Daniel cambió de táctica, y al día
siguiente se pasó toda la tarde recogiendo las estrellas que encontró en las
calles de Sauce y las que pudo recoger del Camino del Bosque, en la parte más
cercana al pueblo. Escondió su botín en el pajar de su casa (que Rafael y él no
utilizaban) y no le dijo nada a nadie.
Aquella noche, en la taberna, estuvo
mucho más tranquilo. No habló del reino de Xêng ni de las estrellas caídas,
aunque sintió mucha angustia cuando Rafael echó una grande al fuego, para que
calentara la taberna durante toda la noche (y todo el día siguiente). No sabía
por qué, pero desde que sabía lo que eran las pelotas amarillas con púas se
sentía muy mal al verlas arder y no podía dejar de pensar en lo malo que era
que las estrellas estuvieran cayendo. Había algo dentro de sí que lo
angustiaba.
Al día siguiente hizo lo mismo que el
anterior: cuando la taberna estaba tranquila y Rafael podía encargarse solo de
organizarla (Alicia seguía sin ir a trabajar, enferma en la cama) Daniel salía
a las calles de Sauce, con una gran cesta de mimbre, y se dedicaba a recoger
todas las estrellas caídas que podía, las de tamaño mediano o pequeñas
directamente. Las guardaba en el pajar, que ya estaba muy lleno después de dos
días de recolección de estrellas. Por la noche, aunque la taberna estaba más
llena, se escabullía para usar el carro que tenían detrás de la casa y recoger
las más grandes, que los vecinos de Sauce no habían cogido durante el día. Iba
hasta el Camino del Bosque y recogía todas las estrellas que encontraba, para
guardarlas también en el pajar.
Después, cuando ya era noche cerrada,
esperó a Tym en la misma calle en la que le había conocido dos noches atrás. El
hombrecillo pasó por allí casi a la misma hora que la otra noche, con el carro
más cargado que la primera vez. Daniel salió de entre las sombras y se puso
delante del Yaugua, para que le viese
bien.
- Sabía que estabas ahí – dijo Tym, a
modo de saludo, sonriendo y haciendo una leve reverencia. – Los seres humanos
hacéis mucho ruido.
- Veo que has estado recolectando hoy
también.... – dijo Daniel, señalando el montón de estrellas que el Yaugua llevaba en el carro.

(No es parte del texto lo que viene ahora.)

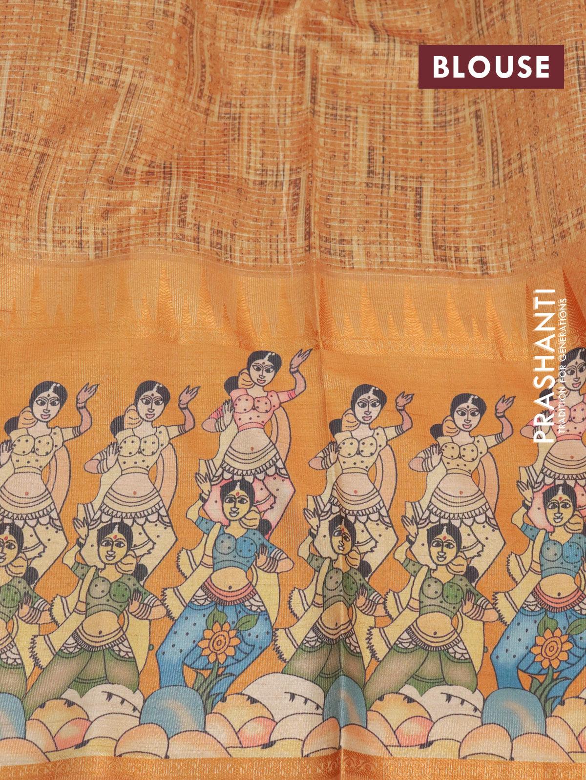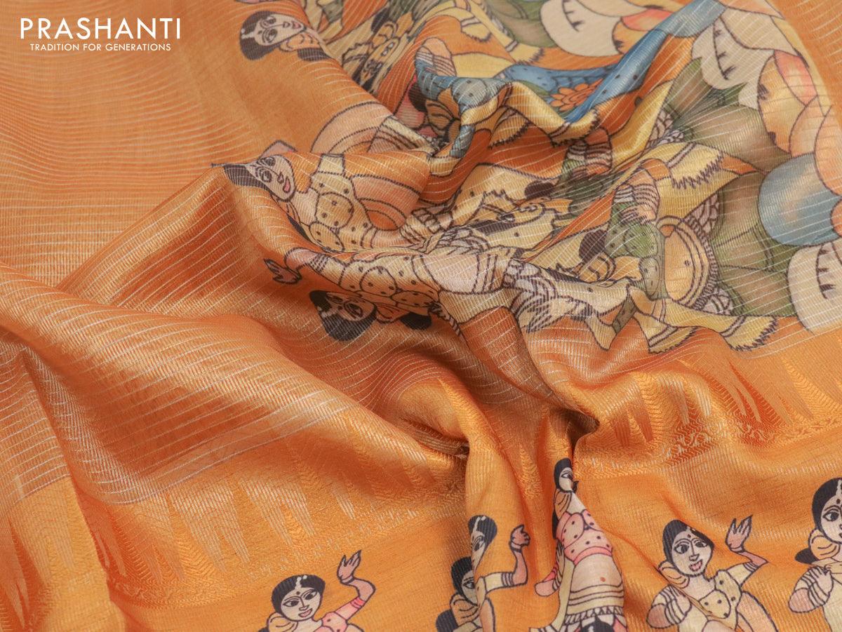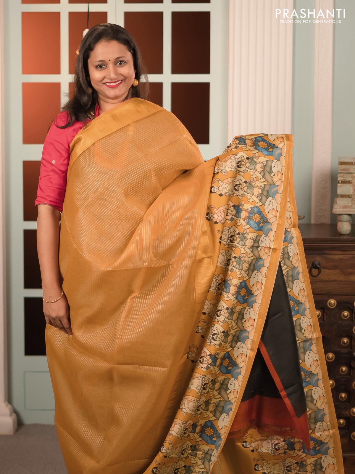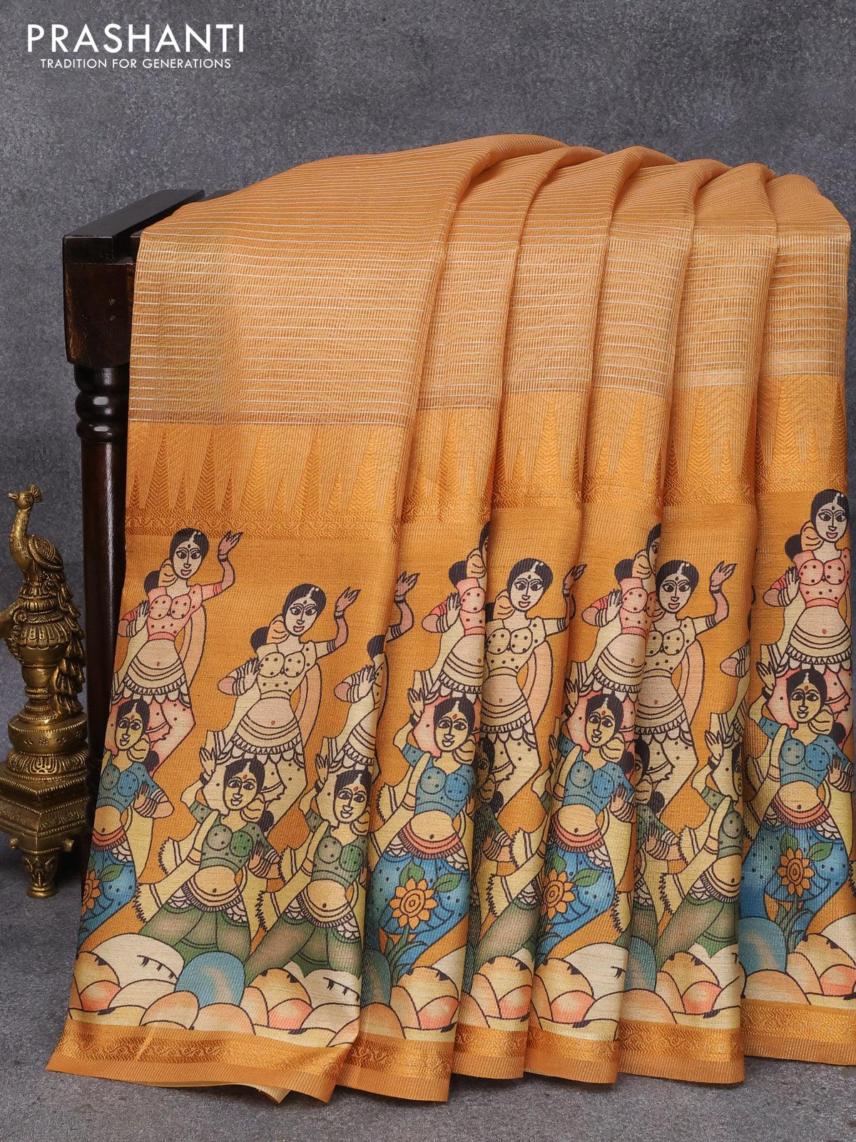 Banarasi tissue organza saree mustard yellow with plain body and kalamkari printed border

- Sí. Las estrellas no dejan de caer, y
no sabemos qué hacer.... – dijo Tym, apenado y preocupado. – Por ahora todo lo
que podemos hacer es recuperar todas las estrellas que hayan caído y
protegerlas, guardándolas hasta que sepamos cómo devolverlas a su hogar....
- Yo tengo muchas guardadas – le dijo
Daniel, contento. – Te las puedes llevar también.

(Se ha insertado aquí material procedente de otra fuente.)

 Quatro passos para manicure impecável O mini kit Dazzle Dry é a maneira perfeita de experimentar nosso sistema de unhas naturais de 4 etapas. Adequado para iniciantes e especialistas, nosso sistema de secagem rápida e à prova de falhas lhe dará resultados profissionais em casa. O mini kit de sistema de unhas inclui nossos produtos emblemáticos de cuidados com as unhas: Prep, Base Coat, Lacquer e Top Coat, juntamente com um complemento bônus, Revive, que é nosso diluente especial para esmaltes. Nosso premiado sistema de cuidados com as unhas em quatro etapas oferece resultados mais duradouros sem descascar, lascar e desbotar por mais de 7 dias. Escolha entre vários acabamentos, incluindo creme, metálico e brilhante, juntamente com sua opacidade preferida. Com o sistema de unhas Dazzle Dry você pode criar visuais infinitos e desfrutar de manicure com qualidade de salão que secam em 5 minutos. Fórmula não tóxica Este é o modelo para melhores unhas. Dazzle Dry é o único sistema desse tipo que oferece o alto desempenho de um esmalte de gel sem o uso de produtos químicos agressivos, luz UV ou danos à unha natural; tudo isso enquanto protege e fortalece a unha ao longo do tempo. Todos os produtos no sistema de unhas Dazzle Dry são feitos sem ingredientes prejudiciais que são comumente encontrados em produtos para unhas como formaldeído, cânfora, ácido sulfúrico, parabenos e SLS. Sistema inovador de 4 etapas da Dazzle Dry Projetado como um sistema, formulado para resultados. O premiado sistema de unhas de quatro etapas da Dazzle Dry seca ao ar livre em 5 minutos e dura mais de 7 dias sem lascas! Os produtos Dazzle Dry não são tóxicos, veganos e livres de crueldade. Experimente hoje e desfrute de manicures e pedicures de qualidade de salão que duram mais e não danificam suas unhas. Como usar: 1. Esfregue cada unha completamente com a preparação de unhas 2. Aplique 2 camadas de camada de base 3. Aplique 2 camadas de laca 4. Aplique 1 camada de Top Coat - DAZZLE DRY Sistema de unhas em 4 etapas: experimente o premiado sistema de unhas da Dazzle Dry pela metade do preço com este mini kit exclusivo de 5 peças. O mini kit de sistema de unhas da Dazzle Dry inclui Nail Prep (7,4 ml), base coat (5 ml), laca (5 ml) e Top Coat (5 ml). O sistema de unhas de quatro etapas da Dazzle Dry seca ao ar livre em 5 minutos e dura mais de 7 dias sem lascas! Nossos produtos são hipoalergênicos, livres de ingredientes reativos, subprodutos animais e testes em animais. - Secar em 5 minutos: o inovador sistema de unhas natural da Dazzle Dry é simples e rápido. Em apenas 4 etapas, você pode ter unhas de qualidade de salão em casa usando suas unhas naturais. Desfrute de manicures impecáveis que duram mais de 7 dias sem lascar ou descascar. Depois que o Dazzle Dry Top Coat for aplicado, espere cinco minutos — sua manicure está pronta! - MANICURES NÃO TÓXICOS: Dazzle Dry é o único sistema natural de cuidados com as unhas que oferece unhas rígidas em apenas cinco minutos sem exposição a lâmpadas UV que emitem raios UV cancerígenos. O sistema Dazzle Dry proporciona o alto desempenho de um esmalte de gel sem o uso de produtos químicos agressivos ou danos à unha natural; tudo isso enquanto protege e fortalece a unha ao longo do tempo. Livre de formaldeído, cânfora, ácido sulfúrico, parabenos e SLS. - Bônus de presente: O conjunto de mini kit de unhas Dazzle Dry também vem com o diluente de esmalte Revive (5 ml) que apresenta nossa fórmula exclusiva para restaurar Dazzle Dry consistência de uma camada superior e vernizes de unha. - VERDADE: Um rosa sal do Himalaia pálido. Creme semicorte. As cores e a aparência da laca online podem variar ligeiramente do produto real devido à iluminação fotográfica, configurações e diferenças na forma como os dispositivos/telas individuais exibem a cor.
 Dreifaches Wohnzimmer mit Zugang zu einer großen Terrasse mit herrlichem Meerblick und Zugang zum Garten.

- ¿Son muchas? – preguntó Tym.
- Casi tantas como ésas.... – señaló
Daniel.
Tym se rascó la ceja, de intenso color
amarillo.
- Entonces será mejor que haga dos
viajes – terminó respondiendo. – Primero llevaré éstas y luego volveré a por
las que tienes tú guardadas....
- ¿Puedo ir contigo? – rogó Daniel,
poniendo cara de bueno. – Tengo un carro grande, podemos meter en él las
estrellas que he recogido y hacer el viaje juntos....
- ¿Quieres venir? – preguntó Tym. Daniel
asintió con firmeza. – Bueno, no es que sea peligroso, pero tendrás que tener
cuidado y hacer lo que yo te diga, ¿vale?

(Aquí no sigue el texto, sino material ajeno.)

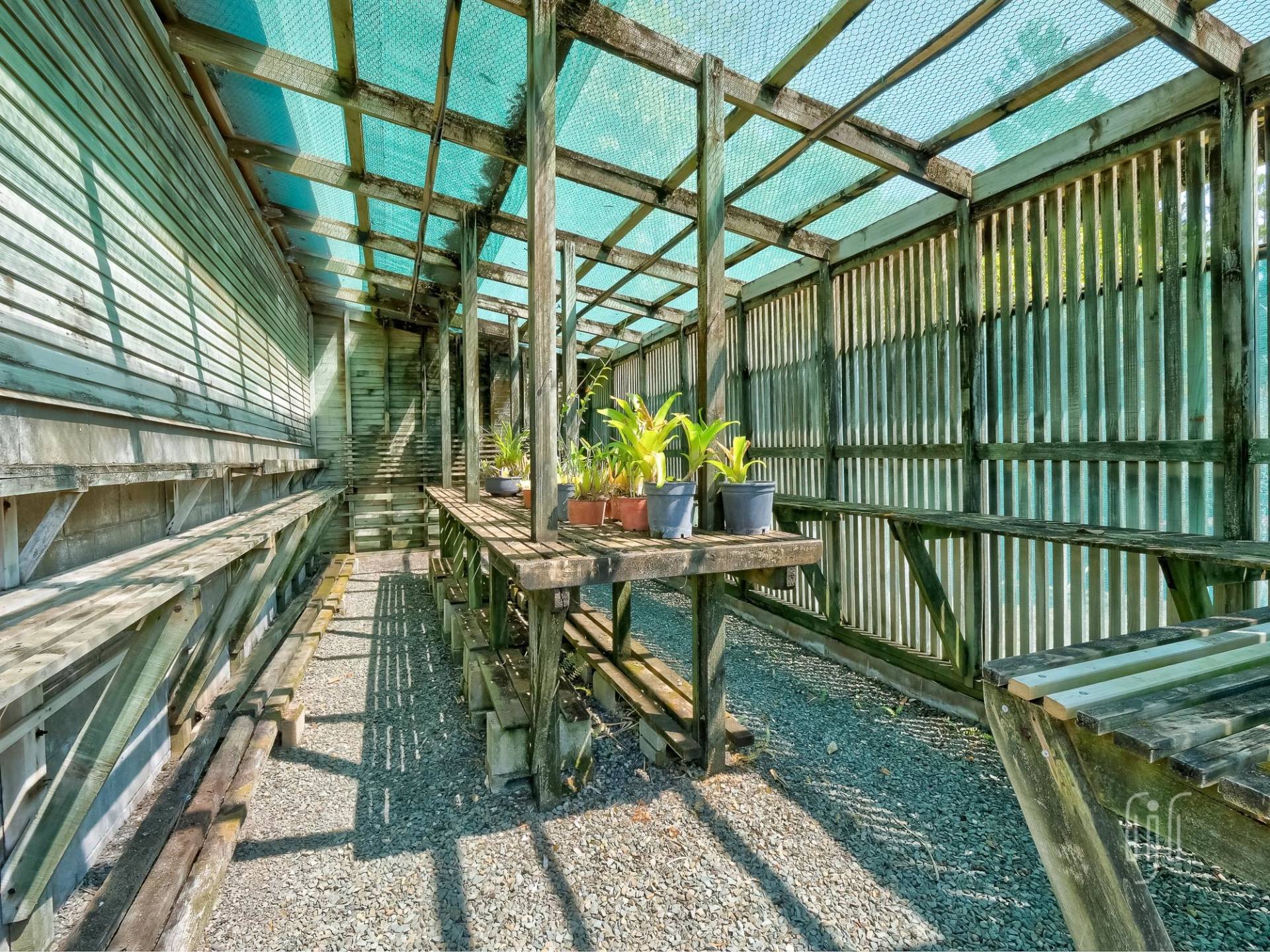 Outbuildings include an original double garage sized shed, an excellent shade house with built-in shelving and an enormous space under the house, ready for further development.

- Vale – contestó Daniel, contento.
- Entonces en marcha, que tenemos muchas
estrellas que salvar esta noche.... – dijo Tym. Daniel fue hasta su pajar y
llenó el carro hasta arriba, con las estrellas que había guardado dentro.
Quedaron unas cuantas dentro del pajar, sobre todo las más grandes, las que
eran tan anchas como toneles, pero el carro estaba ya muy lleno y Daniel apenas
podía tirar de él. Decidió dejarlas para otro viaje, si es que les daba tiempo
aquella noche. Después, con cierta dificultad, tiró del carro cargado de
estrellas y se reunió con el Yaugua
que le esperaba en la calle de Sauce.
- ¿Listo? – preguntó Tym.
- Listo – contestó Daniel, sonriendo
abiertamente y muy entusiasmado.
Si hubiese sabido lo que le iba a pasar,
no se hubiese puesto tan contento.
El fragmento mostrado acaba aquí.